▸ EXERCISE MATERIAL

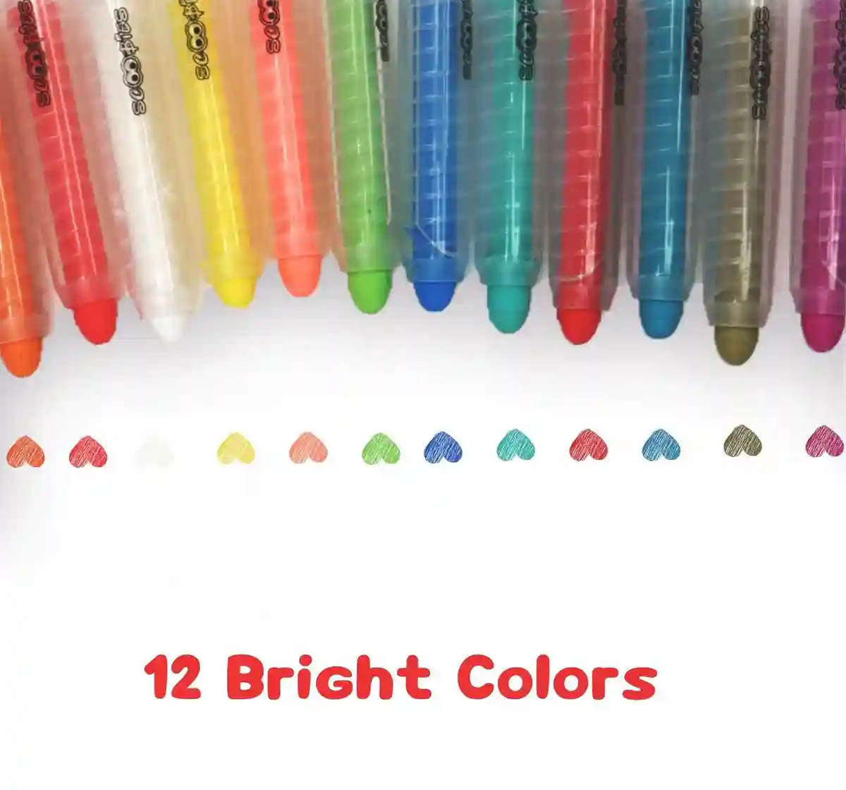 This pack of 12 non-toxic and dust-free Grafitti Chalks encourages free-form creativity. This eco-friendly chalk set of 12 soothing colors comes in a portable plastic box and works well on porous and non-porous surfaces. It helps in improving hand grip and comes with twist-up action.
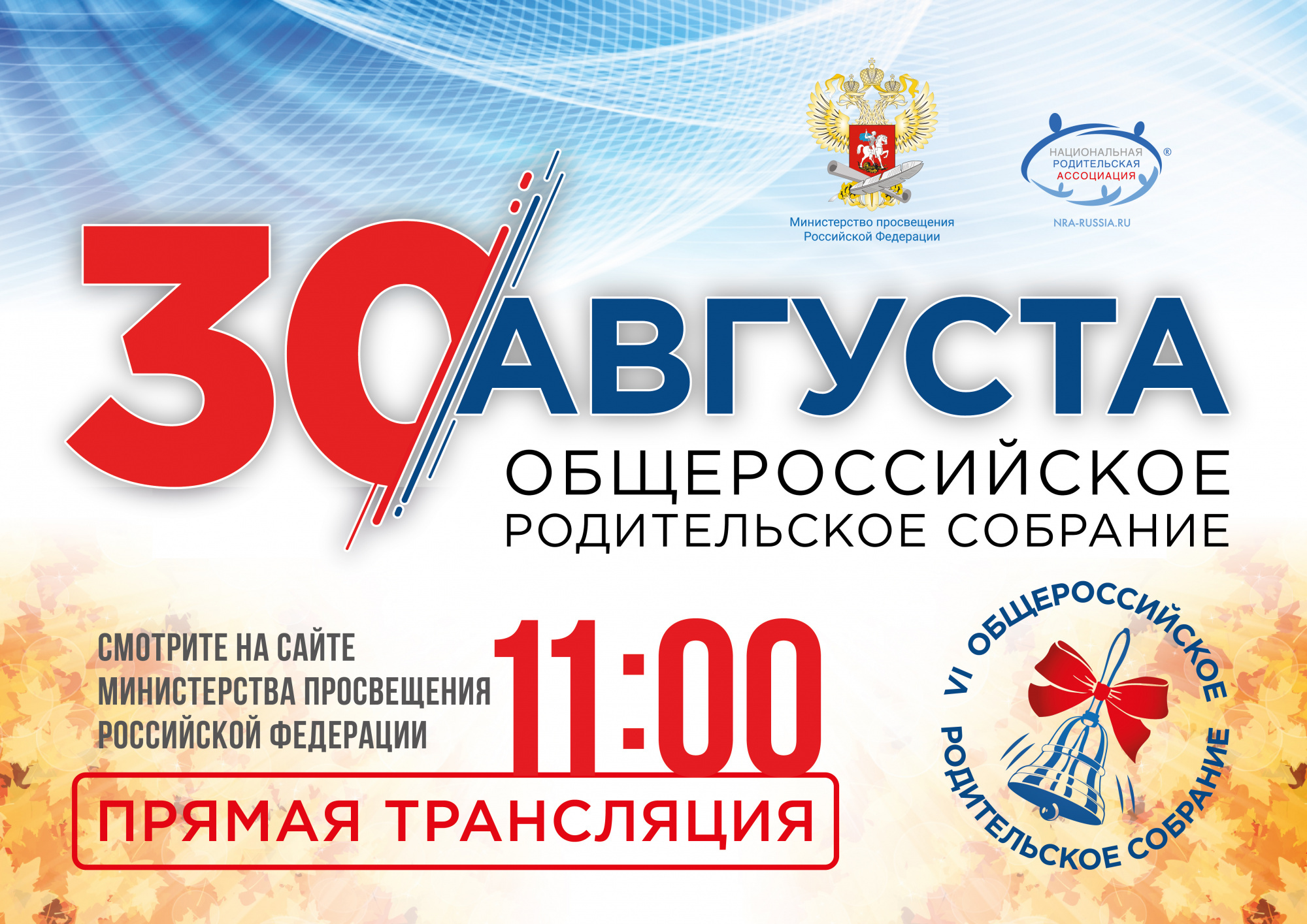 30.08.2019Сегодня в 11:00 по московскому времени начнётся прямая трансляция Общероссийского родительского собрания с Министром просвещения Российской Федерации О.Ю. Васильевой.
---
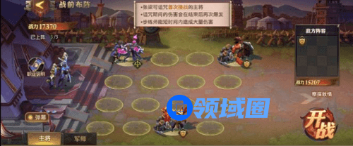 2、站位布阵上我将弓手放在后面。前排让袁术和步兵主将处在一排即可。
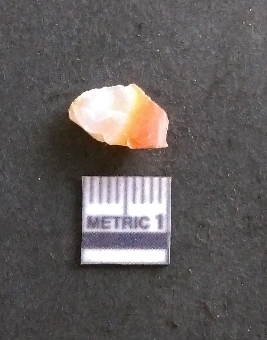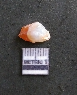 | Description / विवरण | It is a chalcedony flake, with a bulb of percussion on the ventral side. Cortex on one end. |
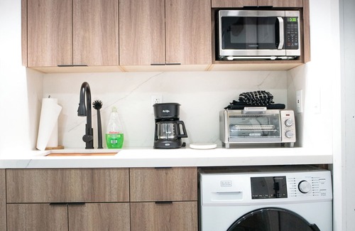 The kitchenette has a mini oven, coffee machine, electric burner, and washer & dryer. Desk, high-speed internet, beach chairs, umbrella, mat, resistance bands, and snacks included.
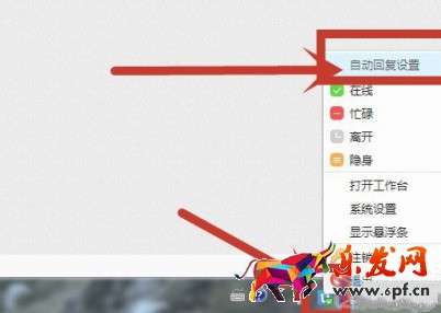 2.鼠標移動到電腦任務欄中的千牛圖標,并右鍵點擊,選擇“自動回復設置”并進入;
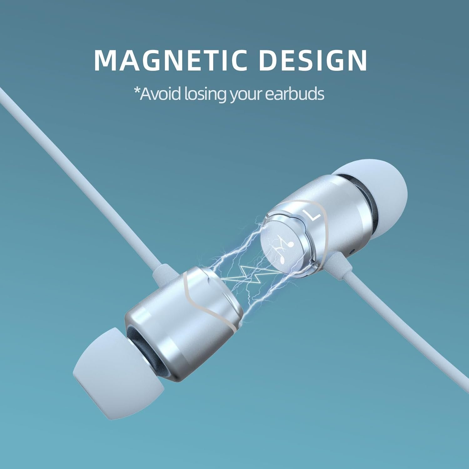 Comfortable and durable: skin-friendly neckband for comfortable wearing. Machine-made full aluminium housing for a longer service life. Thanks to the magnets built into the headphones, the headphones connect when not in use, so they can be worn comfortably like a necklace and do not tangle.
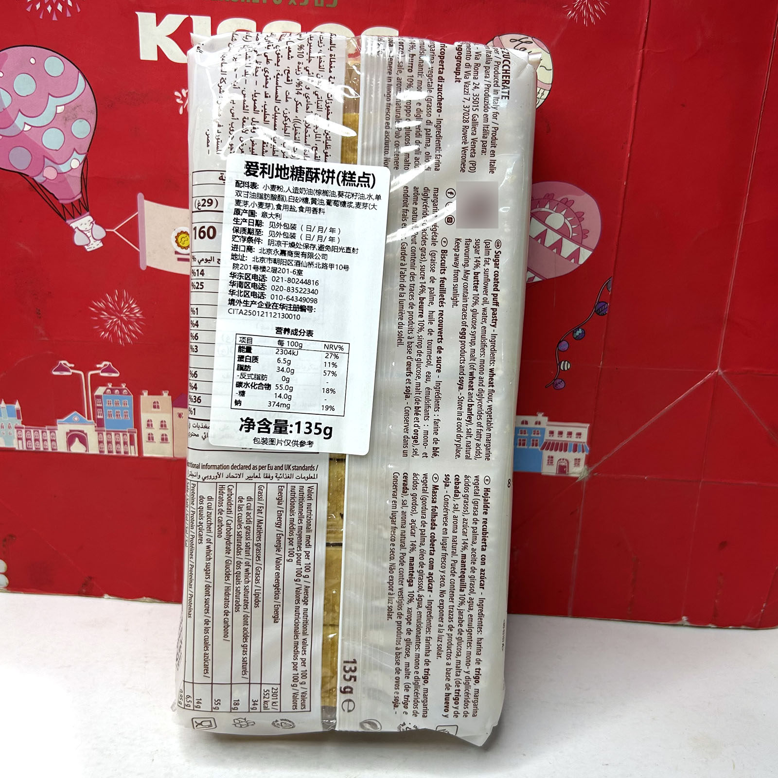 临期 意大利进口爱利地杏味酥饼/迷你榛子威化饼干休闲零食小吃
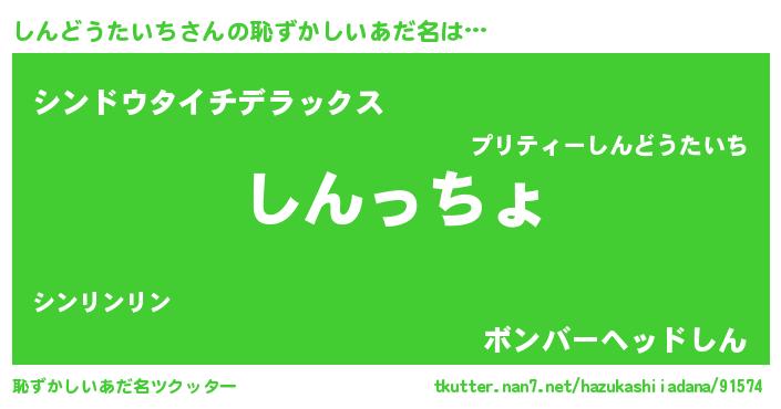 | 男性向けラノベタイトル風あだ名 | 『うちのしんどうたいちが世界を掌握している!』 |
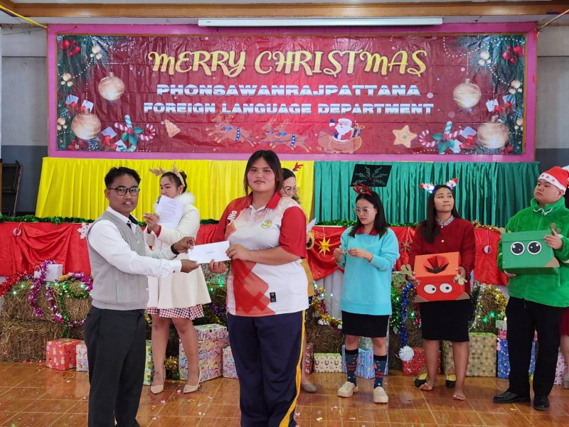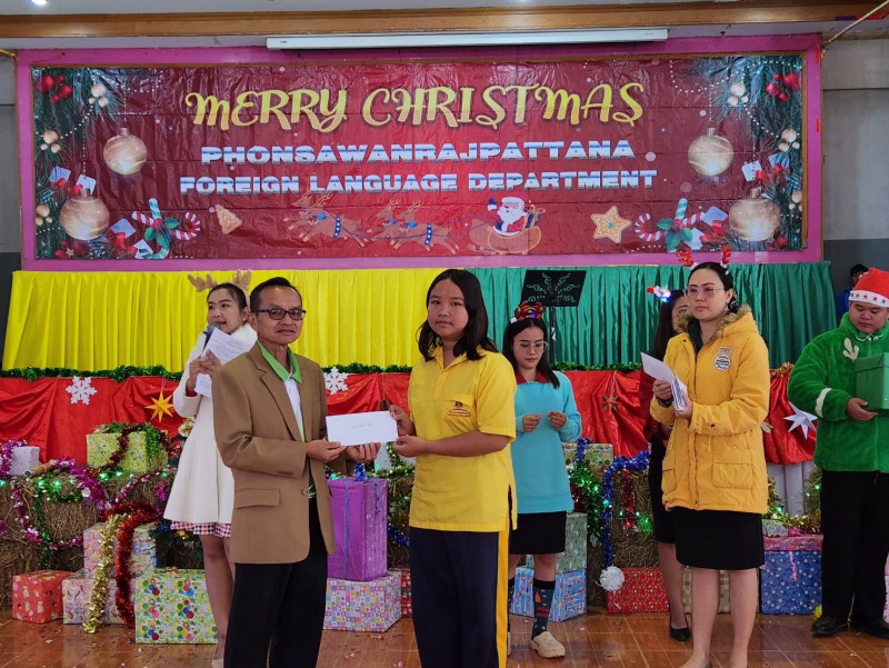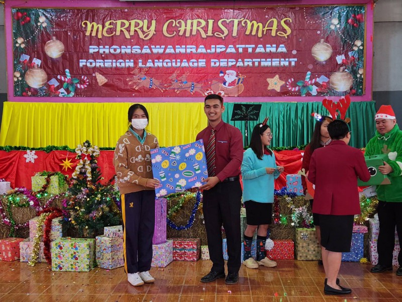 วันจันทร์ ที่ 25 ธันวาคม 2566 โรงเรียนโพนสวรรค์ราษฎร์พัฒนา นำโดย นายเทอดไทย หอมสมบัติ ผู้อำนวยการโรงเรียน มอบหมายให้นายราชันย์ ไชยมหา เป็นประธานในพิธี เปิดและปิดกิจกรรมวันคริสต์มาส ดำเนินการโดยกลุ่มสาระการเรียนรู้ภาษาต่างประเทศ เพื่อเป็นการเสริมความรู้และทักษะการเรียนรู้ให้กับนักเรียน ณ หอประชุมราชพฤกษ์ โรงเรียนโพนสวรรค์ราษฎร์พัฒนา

▸ PROBLEM DESCRIPTION
The expected output is the lines above from the one containing "Comfortable and durable: skin-friendly" to the one containing "วันจันทร์ ที่ 25", both ends included, reproduced exactly with every picture left out.

▸ WRITTEN RESPONSE
 Comfortable and durable: skin-friendly neckband for comfortable wearing. Machine-made full aluminium housing for a longer service life. Thanks to the magnets built into the headphones, the headphones connect when not in use, so they can be worn comfortably like a necklace and do not tangle.
 临期 意大利进口爱利地杏味酥饼/迷你榛子威化饼干休闲零食小吃
 | 男性向けラノベタイトル風あだ名 | 『うちのしんどうたいちが世界を掌握している!』 |
 วันจันทร์ ที่ 25 ธันวาคม 2566 โรงเรียนโพนสวรรค์ราษฎร์พัฒนา นำโดย นายเทอดไทย หอมสมบัติ ผู้อำนวยการโรงเรียน มอบหมายให้นายราชันย์ ไชยมหา เป็นประธานในพิธี เปิดและปิดกิจกรรมวันคริสต์มาส ดำเนินการโดยกลุ่มสาระการเรียนรู้ภาษาต่างประเทศ เพื่อเป็นการเสริมความรู้และทักษะการเรียนรู้ให้กับนักเรียน ณ หอประชุมราชพฤกษ์ โรงเรียนโพนสวรรค์ราษฎร์พัฒนา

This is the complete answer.